REQUIREMENT: The lines from the one containing "深圳市住房和建设局扫黑除恶专项斗争公告" through the final line of the listing below are what the answer must repeat, exactly and only, leaving pictures out.

GIVEN DATA:
● ● ● ● ● ● ●

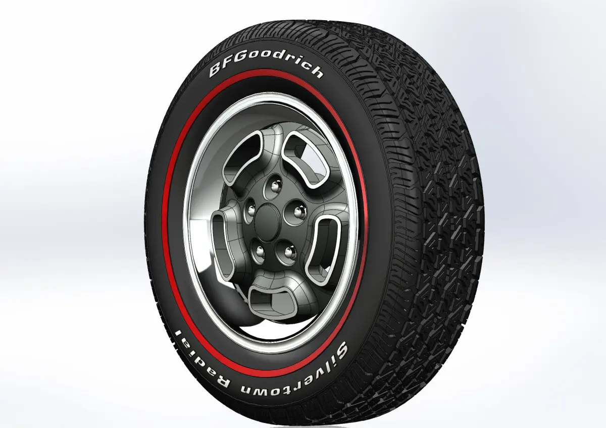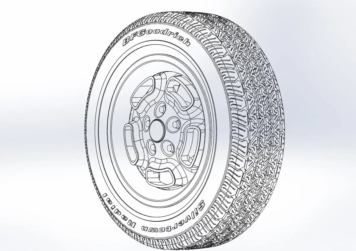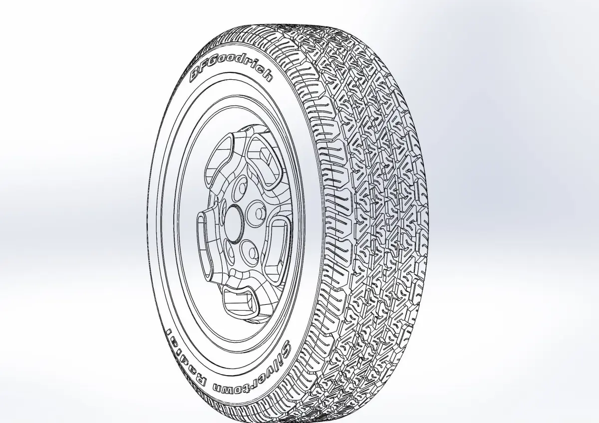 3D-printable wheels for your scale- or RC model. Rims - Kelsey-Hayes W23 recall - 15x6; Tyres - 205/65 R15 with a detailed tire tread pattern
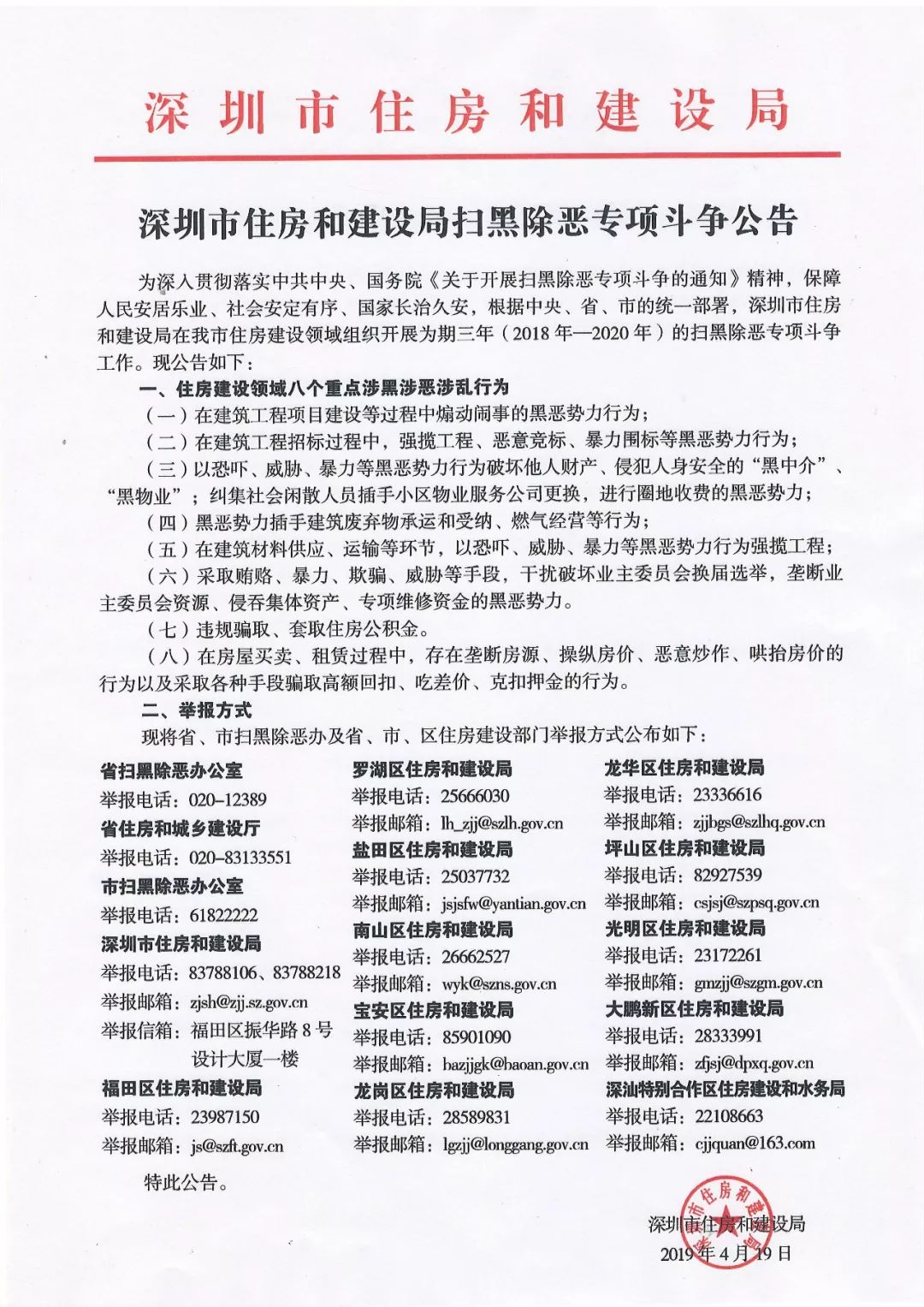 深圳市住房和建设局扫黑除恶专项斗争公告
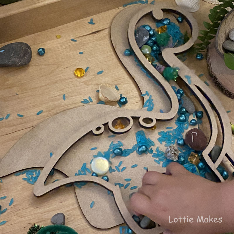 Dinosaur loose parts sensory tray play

● ● ● ● ● ● ●

ANSWER:
 深圳市住房和建设局扫黑除恶专项斗争公告
 Dinosaur loose parts sensory tray play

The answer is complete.